Measure total session tokens, not just file tokens.
My benchmark had a bug I didn’t catch until I read the raw outputs. The DOCX “quality rescue” (0/20 native → 20/20 hook) was Claude reading the wrong file in OFF-condition runs. The PPTX “savings” were being compared against Claude’s refusal to read the format at all.
Always inspect the raw outputs. Aggregate scores hide failure modes.
A 236-line bash/Python hook with auto-install logic, caching, per-type thresholds, a quality gate, and 14 deployed copies has ongoing maintenance cost. Every Claude Code update could break the hook API. Every markitdown update could change output format.

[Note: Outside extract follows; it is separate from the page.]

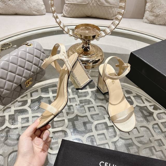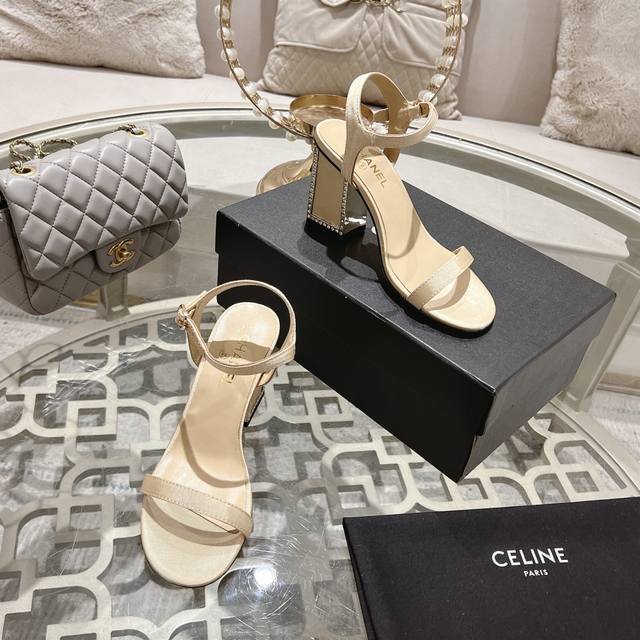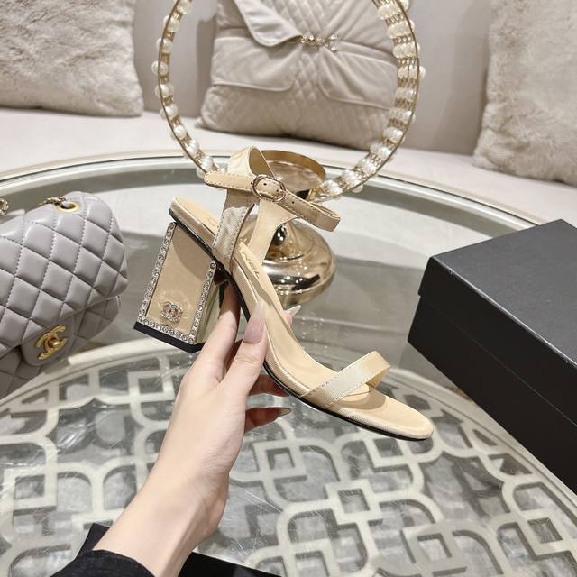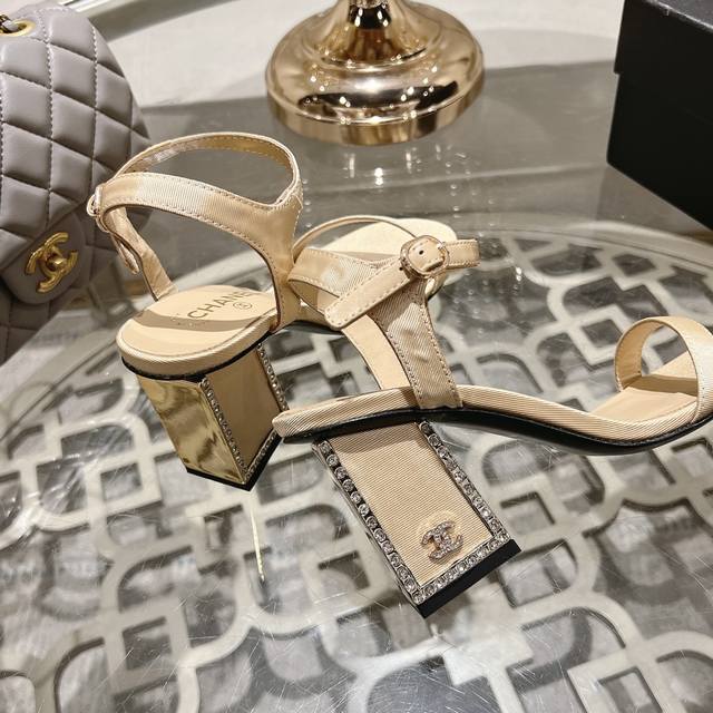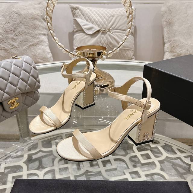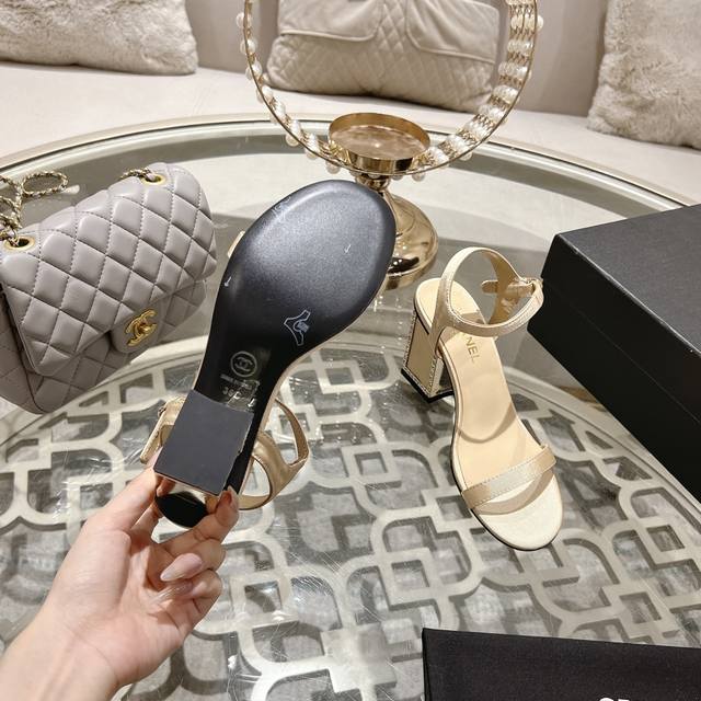 2025早春新款一字带凉鞋chanel小香官网同步高版本更新款粗跟方跟最新款凉鞋

Every new file type needs threshold tuning.
If a system prompt instruction gets you 90% of the result, the hook isn’t worth maintaining.
Half my hook was solving problems that didn’t exist. Claude Code already sends PDFs to the API as native document blocks. It handles raw HTML just fine. I built conversion pipelines for formats that already worked - because I assumed instead of checking.

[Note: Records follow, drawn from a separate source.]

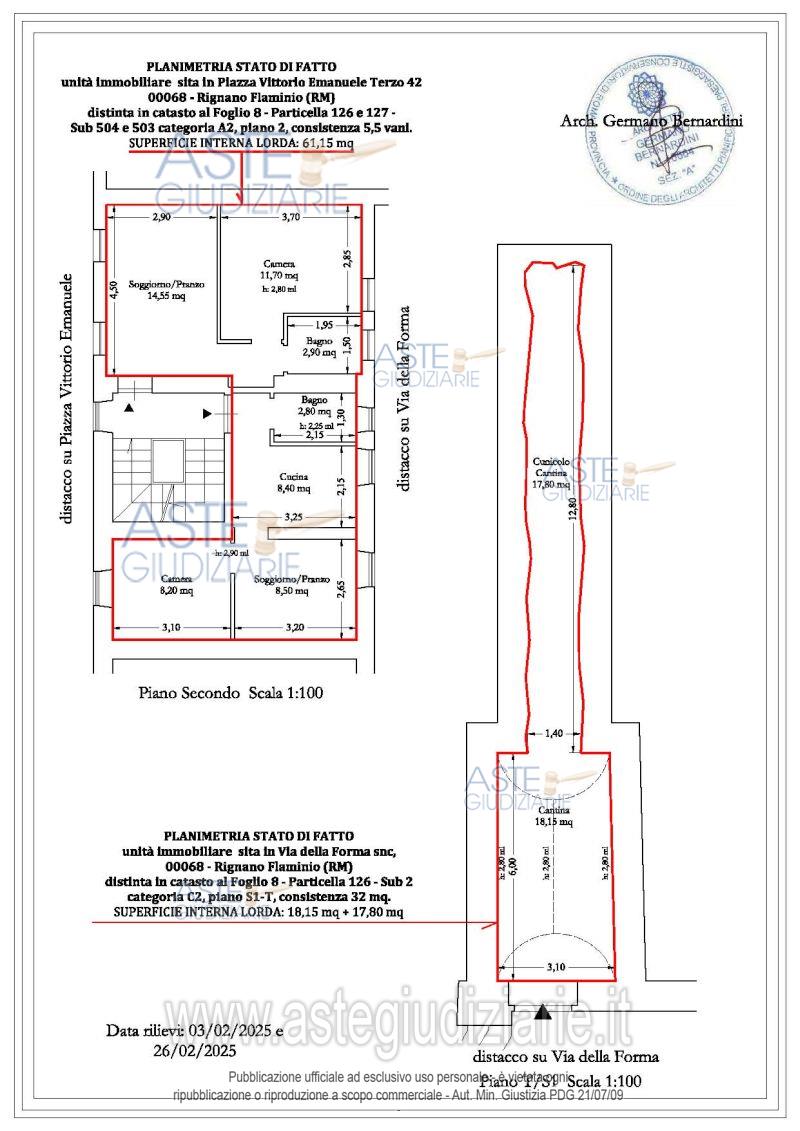 Vendita in attesa dell'emissione del nuovo bando d'asta. LOTTO UNICO: Quota pari a 1/1 diritto di proprietà appartamento in Rignano Flaminio, Piazza Vittorio Emanuele 43 piano 2°, frazionato mediante la realizzazione di un bagno e angolo cottura. Consta di due appartamenti distinti, uno con soggiorno e angolo cottura camera da letto e bagno e l’atra con cucina, soggiorno, camera da letto e bagno per complessivi mq. 63;Quota pari a 1/1 del diritto di proprietà su Cantina piano Terra/S1 di un fabbricato residenziale in Rignano Flaminio (Rm), Via della Forma snc. mq. 28. Ultimo prezzo base € 68.260,00 (offerta minima € 51.195,00). Professionista delegato alla vendita Avv. Emanuela Vergari - Email "E.VERGARI@LIBERO.IT"; Cell. 3470577962; Tel. 077485554. Custode Giudiziario Ivg Di Roma S.R.L. - Email "PVP@VISITEIVGROMA.IT"; Tel. 0689569801. Rif. Tribunale di Tivoli - Espropriazione immobiliare (cartabia) n. 345/2024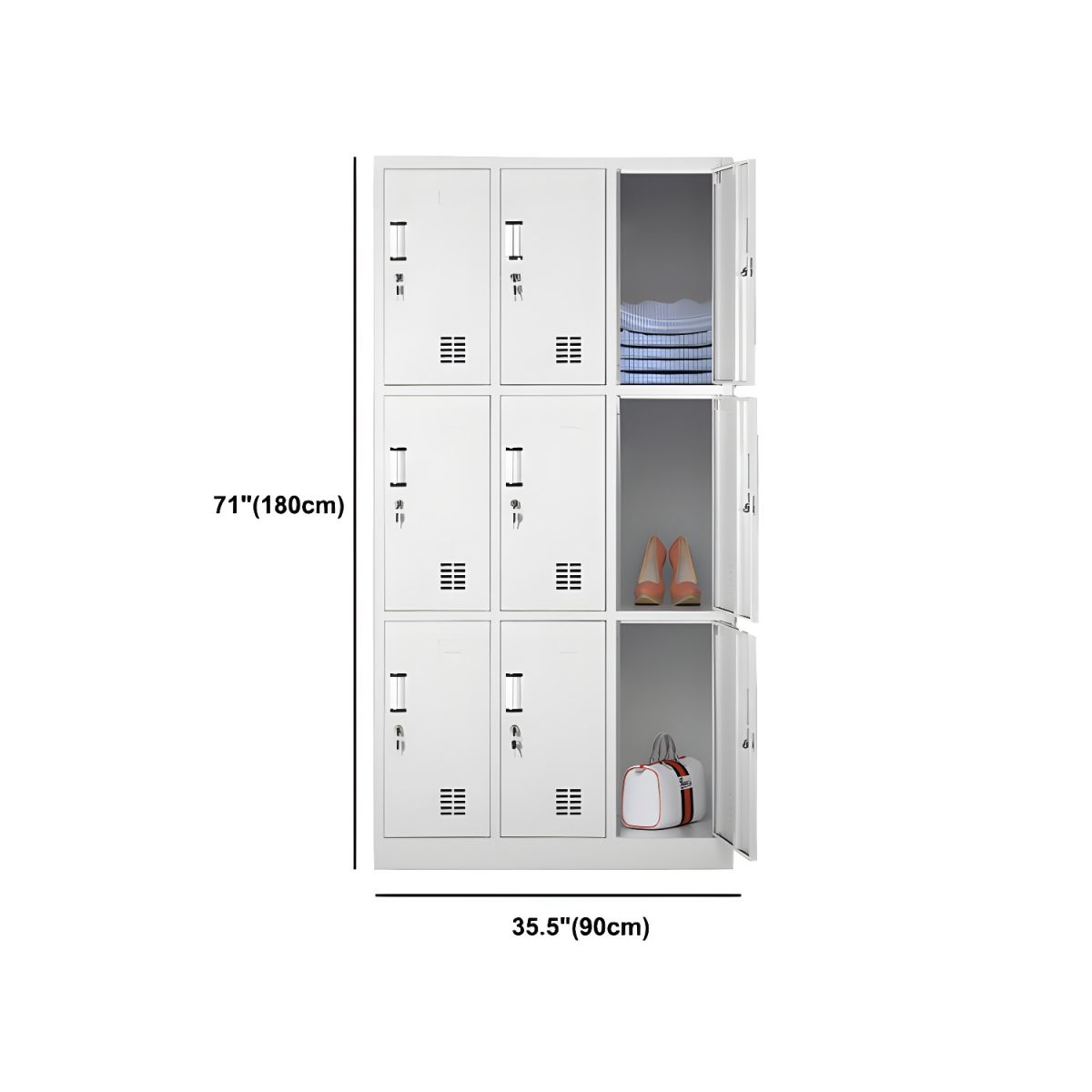 Each of the nine compartments comes with individual doors, allowing users to store items separately, ensuring privacy and organization. The locker features sturdy, lockable doors to secure personal belongings or sensitive documents, making it a perfect choice for shared workspaces. Its minimalist steel design adds a professional touch to any environment, while its compact footprint makes it ideal for maximizing storage without taking up too much space.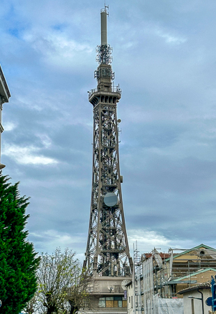 Along one side of the building is a communications tower that looks like a smaller version of the Eiffel Tower.

Before building a tool that wraps platform behavior, understand what the platform already handles.
The Raw Data
The complete benchmark data - all 228 sessions, raw JSON outputs, scoring sheets, and both versions of the hook - is available on request.

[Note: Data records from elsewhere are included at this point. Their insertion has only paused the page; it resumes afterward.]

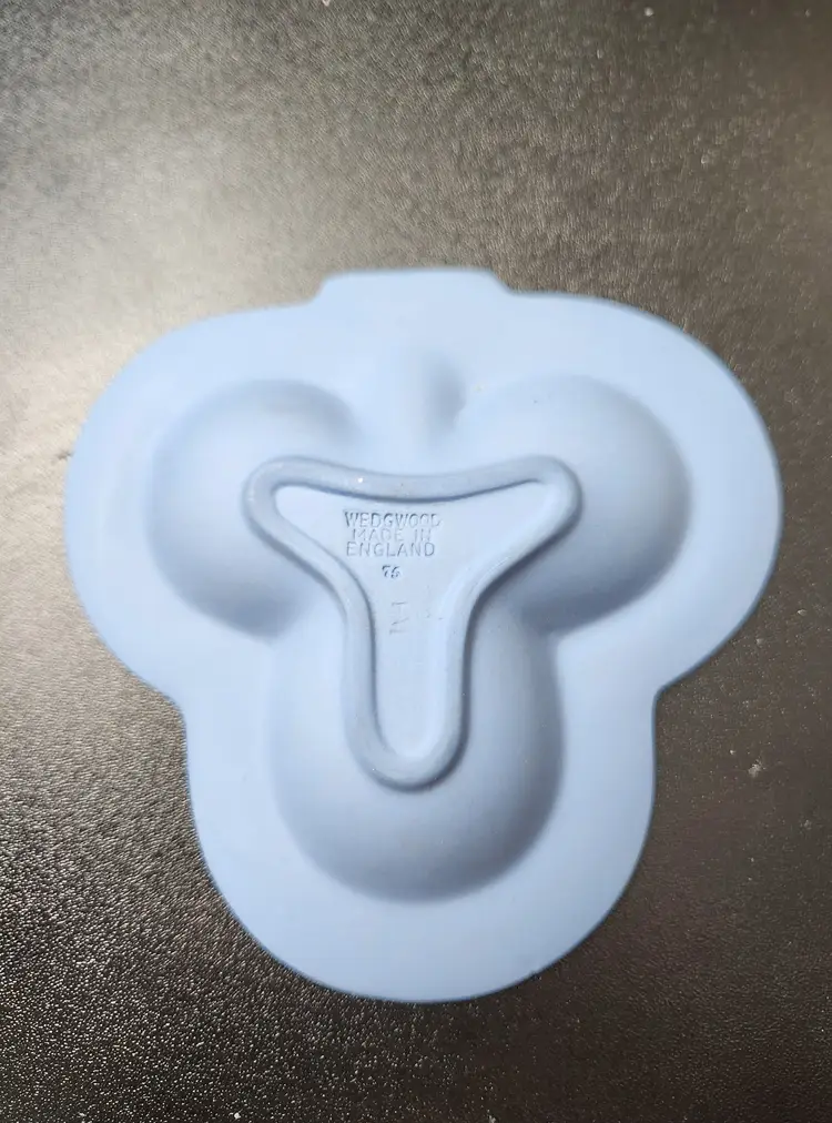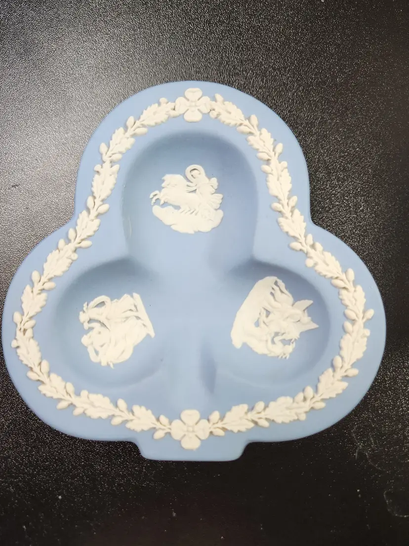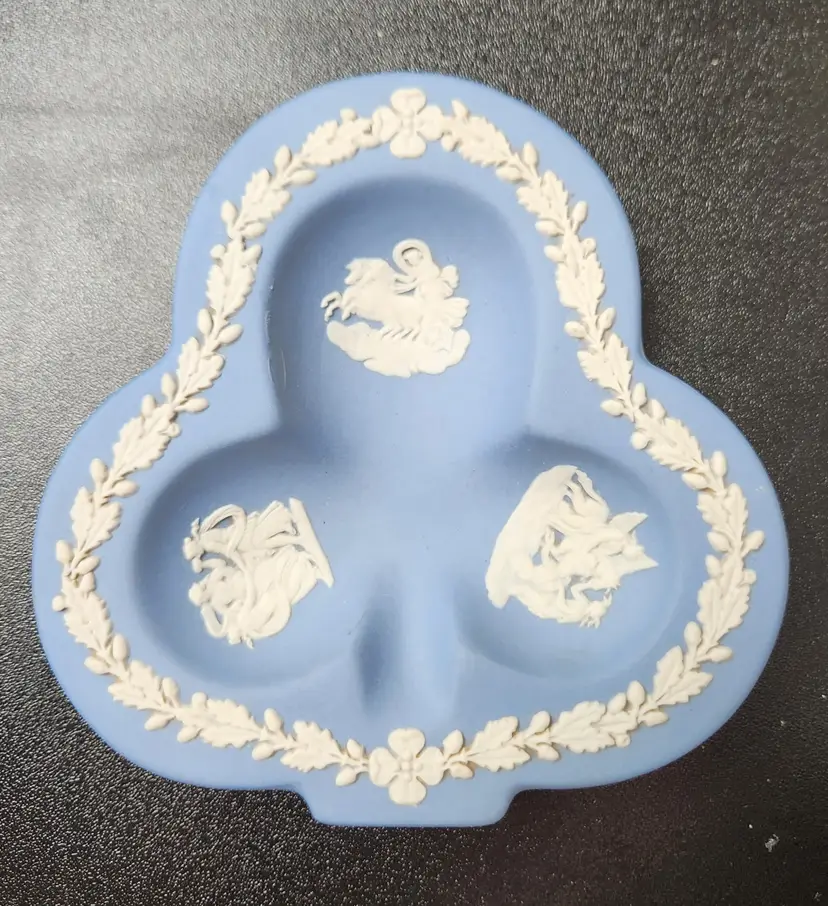 Wedgwood blue Jasperware clover-shaped trinket dish, in signature matte blue background with detailed white neoclassical motifs. One small chip along the bottom. 4.5"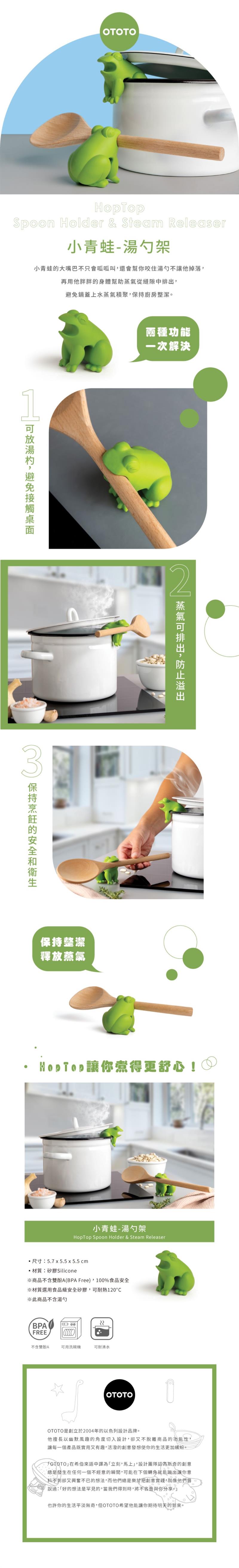 小青蛙的大嘴巴不只會呱呱叫,還會幫你咬住湯勺不讓他掉落,再用他胖胖的身體幫助蒸氣從縫隙中排出,避免鍋蓋上水蒸氣積聚,保持廚房整潔。
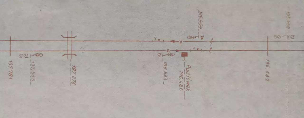 Posterunek odstępowy Pudłówek, położony w km 196,486 linii Katowice - Tczew (szlak Otok - Poddębice). Skan fragmentu szkicu sytuacyjnego odcinka Zduńska Wola Karsznice - Lipie Góry, wykreślony przez pracowników Zarządu Zabezpieczenia Ruchu i Łączności Północnej DOKP w Gdańsku. Stan na dzień 20 lutego 1965 roku.

![][image5] V2 Final Verdict
Here’s the full v2 results table:
| File Type | Size | Native Tokens | Hook Tokens | Ratio | Savings | Quality (N) | Quality (H) | Delta |
|---|---|---|---|---|---|---|---|---|
| docx | S1 | 319,385 | 319,311 | 1.0x | 0.0% | 16/20 | 14/20 | -2 |
| docx | S2 | 341,841 | 191,716 | 1.8x | 43.9% | 0/20 !!! | 20/20 | +20 !!! |
| docx | S3 | 517,749 | 320,907 | 1.6x | 38.0% | 20/20 | 20/20 | 0 |
| html | S1 | 127,566 | 127,552 | 1.0x | 0.0% | 18/20 | 18/20 | 0 |
| html | S2 | 128,655 | 128,677 | 1.0x | -0.0% | 18/20 | 18/20 | 0 |
| html | S3 | 137,303 | 137,310 | 1.0x | -0.0% | 18/20 | 18/20 | 0 |
| markdown | S3 | 130,530 | 130,530 | 1.0x | 0.0% | 20/20 | 20/20 | 0 |
| pdf-mixed | S1 | 132,177 | 132,192 | 1.0x | -0.0% | 17/20 | 17/20 | 0 |
| pdf-mixed | S2 | 152,443 | 152,408 | 1.0x | 0.0% | 17/20 | 17/20 | 0 |
| pdf-mixed | S3 | 226,974 | 226,985 | 1.0x | -0.0% | 17/20 | 17/20 | 0 |
| pdf-text | S1 | 131,815 | 131,858 | 1.0x | -0.0% | 20/20 | 20/20 | 0 |
| pdf-text | S2 | 150,359 | 150,357 | 1.0x | 0.0% | 20/20 | 20/20 | 0 |
| pdf-text | S3 | 217,661 | 217,697 | 1.0x | -0.0% | 20/20 | 20/20 | 0 |
| pptx | S1 | 126,448 | 887,386 | 0.1x | -601.8% | 4/20 | 18/20 | +14 |
| pptx | S2 | 872,298 | 191,744 | 4.5x | 78.0% | 18/20 | 16/20 | -2 |
| pptx | S3 | 1,330,060 | 194,317 | 6.8x | 85.4% | 16/20 | 18/20 | +2 |
| xlsx | S1 | 323,710 | 396,220 | 0.8x | -22.4% | 8/20 | 10/20 | +2 |
| xlsx | S2 | 595,746 | 258,756 | 2.3x | 56.6% | 10/20 | 10/20 | 0 |
| xlsx | S3 | 330,315 | 326,740 | 1.0x | 1.1% | 9/20 | 10/20 | +1 |
!!! = Benchmark bug. DOCX S2 native scored 0/20 because Claude read the wrong file (S2.pdf instead of S2.docx) in 2 of 3 runs. When it read the right file, it scored 20/20. See “Discovery 2” above.
How Claude Code’s Read tool handles each format natively:
| Format | Read Tool Behavior | Claude’s Workaround | Hook Value |
|---|---|---|---|
| Native API support (base64 → document block) | N/A - works natively | None | |
| HTML | Raw text pass-through | N/A - works natively | None |
| DOCX | Rejected as binary | Bash: textutil, unzip (5-8 turns) | Convenience only |
| XLSX | Rejected as binary | Bash: various extraction (5-16 turns) | Mixed |
| PPTX | Rejected as binary | None - Claude gives up | Real gap (but overkill) |
| Markdown | Native text read | N/A | Harmful (-154% in v1) |
Methodology: Each cell run 3 times, median reported. Quality scored on 10 factual questions (0/1/2 points each, max 20). Token counts include all input tokens (direct + cache creation + cache read). Environment: Claude Code 2.1.89, markitdown 0.0.2, Claude Haiku 4.5, macOS ARM64.